Page 1 of 1

NetBSD RAIDFRAME Recovery

Posted: Fri May 01, 2009 2:41 am
by cynjut
I've got a 4x250G RAID 5 array that I'm trying to recover after a bad sector in the superblock of one of the drive partitions. I've got the RAID array loaded into a machine that I'm dual-booting between NetBSD and Windows XP.

The configuration of the array is 1 row, 4 columns, 0 spares, 63 sectors per Stripe Unit, 1 SU per Parity Unit, 1 SU per recon unit, and RAID-5 parity. We chose 63 sectors per stripe unit because that's the size of 1 track.

On the raid there are two partitions, one starting at 3024 sectors for 20971520 sector (10 Gig) and one starting at 20974544 sectors and running through the end of the disk. (1444216582 sectors).

The second partition had the bad superblock, and when I set a region so that it corresponds to that partition, the system finds a Superblock some negative number of sectors away )I didn't right the number down, but it seems to me it was something like -168 sectors).

I'm in the process of copying the RAID array onto a 1G drive, but that takes about 20 hours. Once I'm done copying the fs image to the new drive, I expect the software will be able to handle the drive just fine (since the RAID components will be obscured).

Am I on the right track? Is the software just misinterpreting the block size (32 k instead of 31.5k)? Or am I completely going the wrong way. I really need to get started pulling the files off this disk ASAP, and waiting 22 hours for a 1 TB disk-to-disk copy is just a lot of time if there is some other solution.

Re: NetBSD RAIDFRAME Recovery

Posted: Sat May 02, 2009 4:18 am
by Alt
Which software do you use to copy the RAID? Is this R-Studio creating an image of the RAID?

Re: NetBSD RAIDFRAME Recovery

Posted: Sat May 02, 2009 11:49 am
by cynjut
I used 'dd' - my 'recovery console' boots NetBSD and XP, so I can easily switch back and forth between the two systems.

The exact command is "dd conv=noerror,sync progress=16 if=/dev/raid0d of=/dev/wd2d"

This way, if there's an error, the system will ignore it, and copy NULLs into what would have been a bad sector. It prints a '.' once per Gig of data. Since I'm using the alternate superblock for everything I can, the fact that there was a bad sector in the primary superblock should be OK. It would be cool if I could specify a different superblock for UFS1 and UFS2 drives.

I might have used to R-TT tools, but with the "odd" settings, the drive wasn't being interpreted correctly. The 31.5K block stripe size might have confused it a little bit.

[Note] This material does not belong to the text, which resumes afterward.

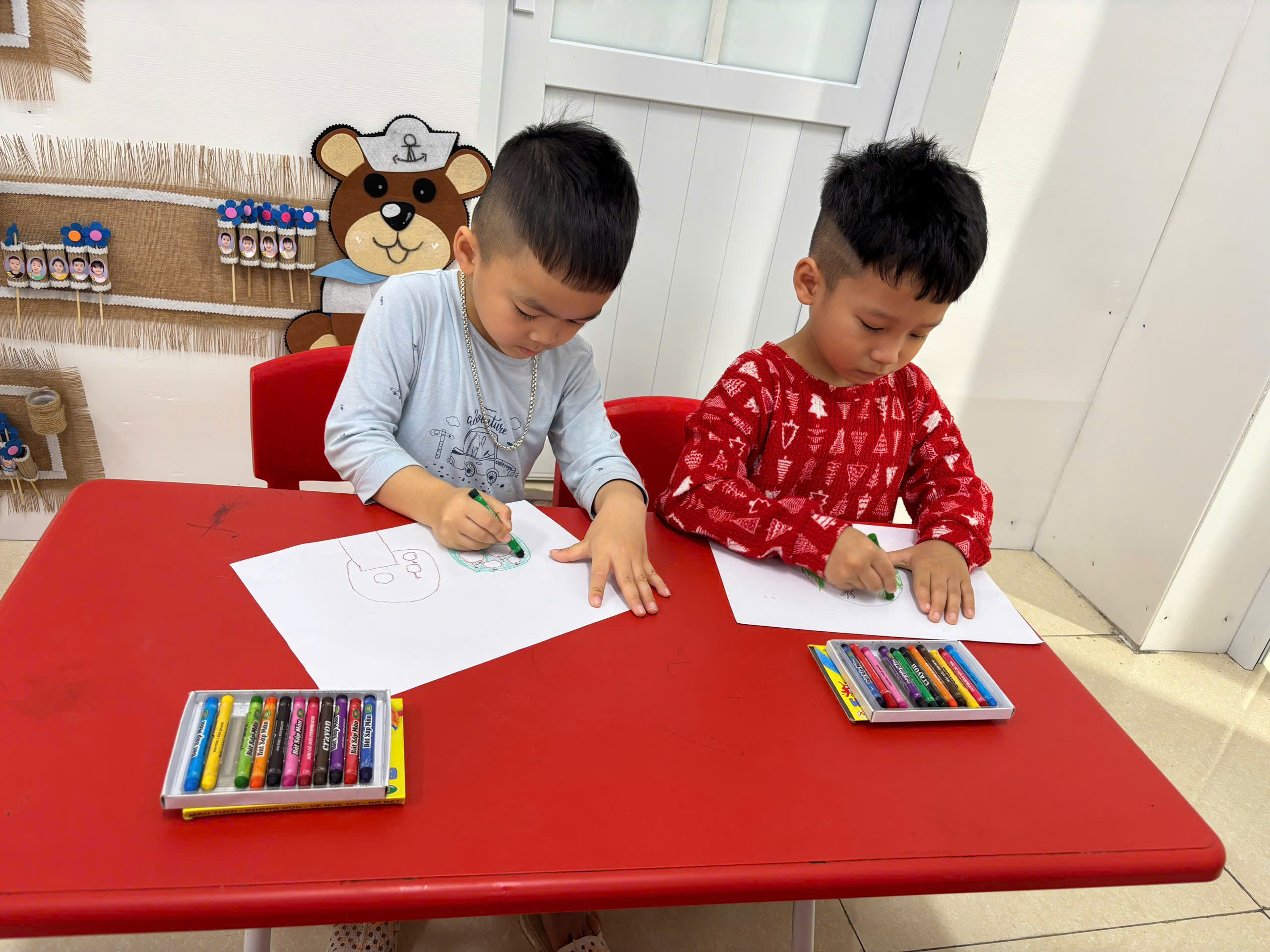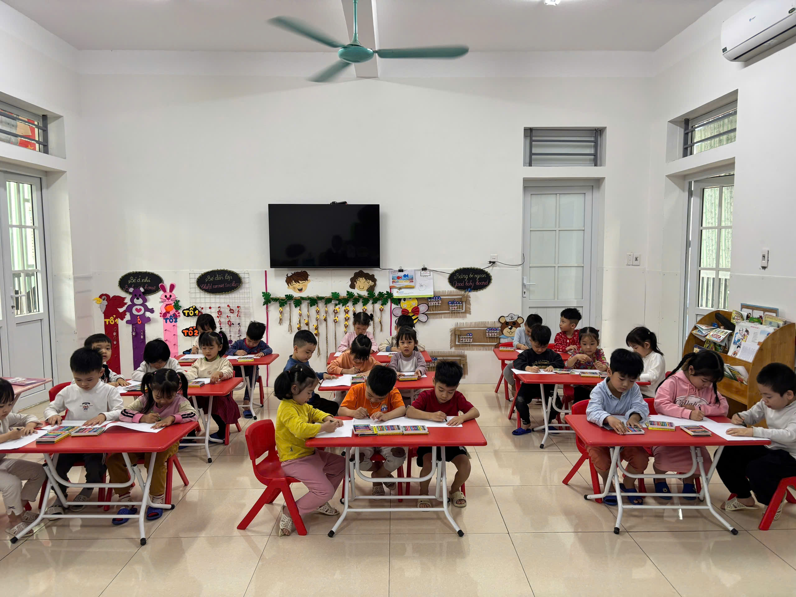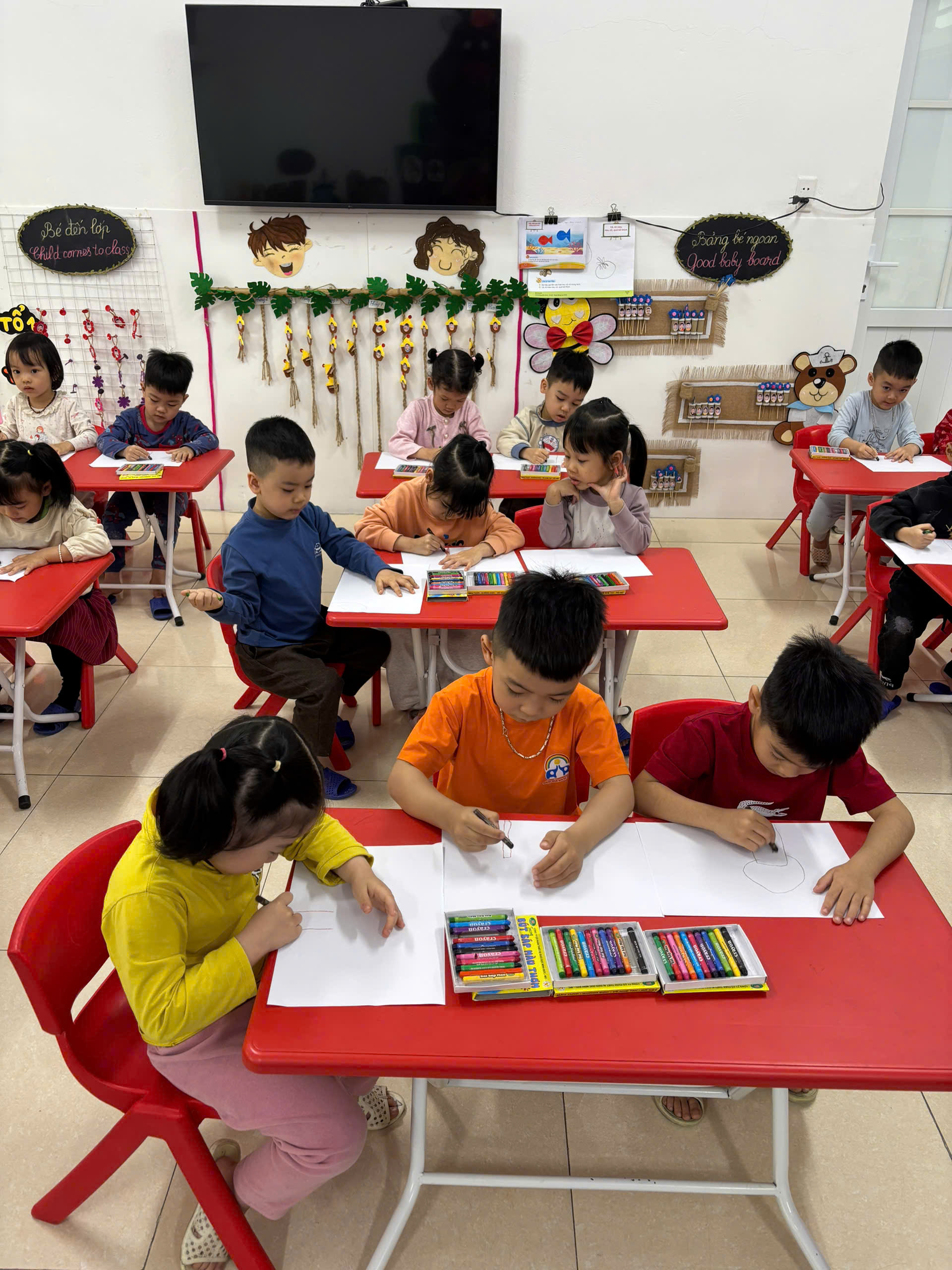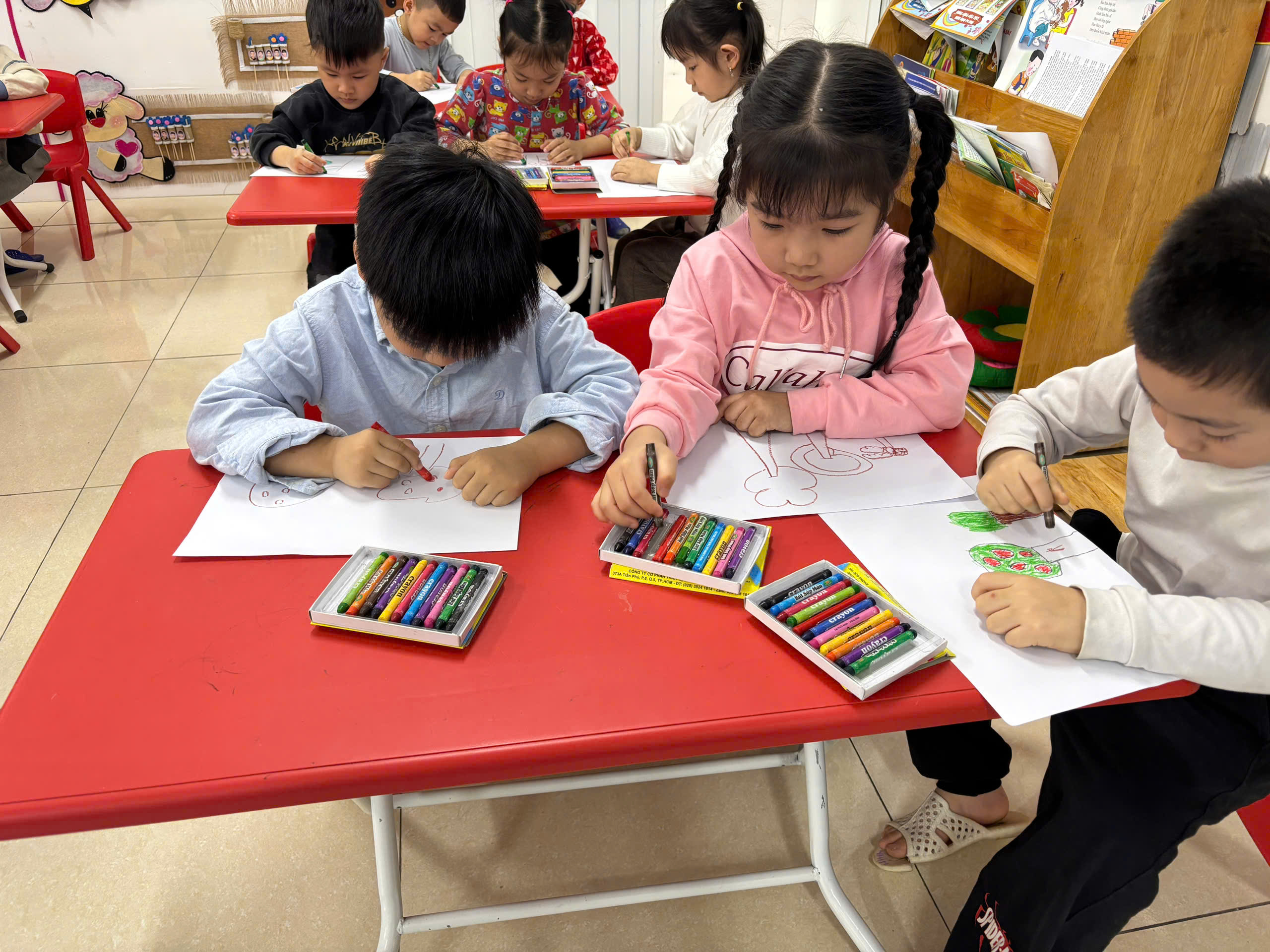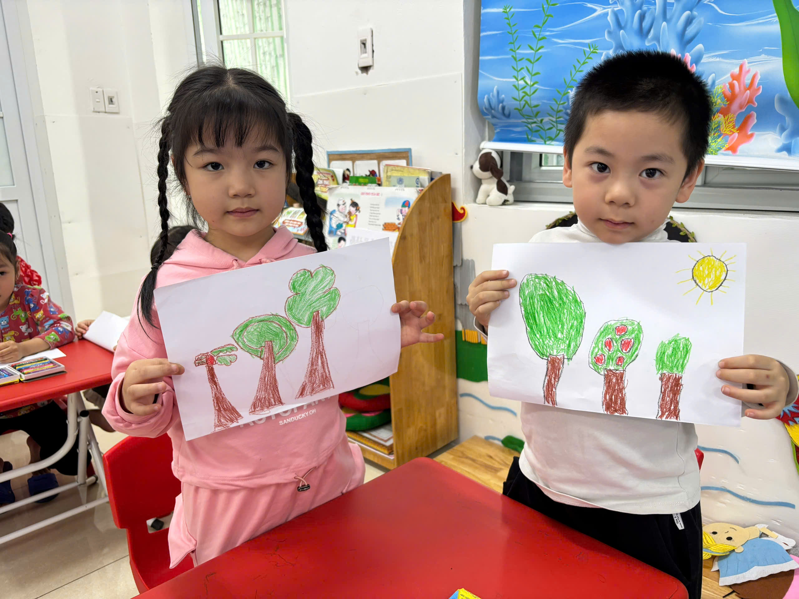 Các con lớp C4 được tham gia hoạt động tạo hình vẽ cây xanh.

On to the next question - it looks like a lot of my directory nodes are damaged, so a LOT of my files are ending up in the R-TT version of "Lost+Found" with 'inode number' as their file name. I'm getting ready to write a filename finder that scans the drive and tries to find all of the inodes associated with things that look like filenames. I can't really trust the directory structure - it looks pretty serious hosed. Since all of the files on the hard drive have files in the same format "200[789][01][0-9][0-3][0-9]-[012][0-9][0-6][0-9][0-6][0-9]-[0-9]*.[0-9]*.mp3", I should be able to scan the drive, find anything that looks like that, back up 8 bytes and display those 4 bytes as an unsigned long. That will give me the equivalent of "ls -ri /" without crashing the server with "Page fault in supervisor mode - bad directory entry".

If someone's already written that program, I'd love to hear from you....

Re: NetBSD RAIDFRAME Recovery

Posted: Sun May 03, 2009 12:09 pm
by cynjut
Posting to my own reply....

I've written a one line shell script that grabs all of the file names (strings -tx /dev/wd2f | grep '200[789]...' > files) that meet my search criteria out of the file systems with byte offsets into the file system. After I get them all into a file, I'll write a PERL script to take the offsets and file names, convert it to a decimal number (for lseek), subtract 16 from it, and grab the next 4 bytes as an unsigned long. That will give me the inode number for the file (if I'm reading the source code right). I'll then search for the file names "inode whatever" and rename it according to the name from the strings file. I could probably do it all in one swell foop if I wanted to (use 'cut' and 'expr' on the first argument, grab the second arg unchanged, and create a command to do the rename on the fly).

This way, I can see what's happening and not chance screwing up the files that I've managed to recover any more than I have.

BTW, has anyone written an XML definition for a UFS file system directory entry?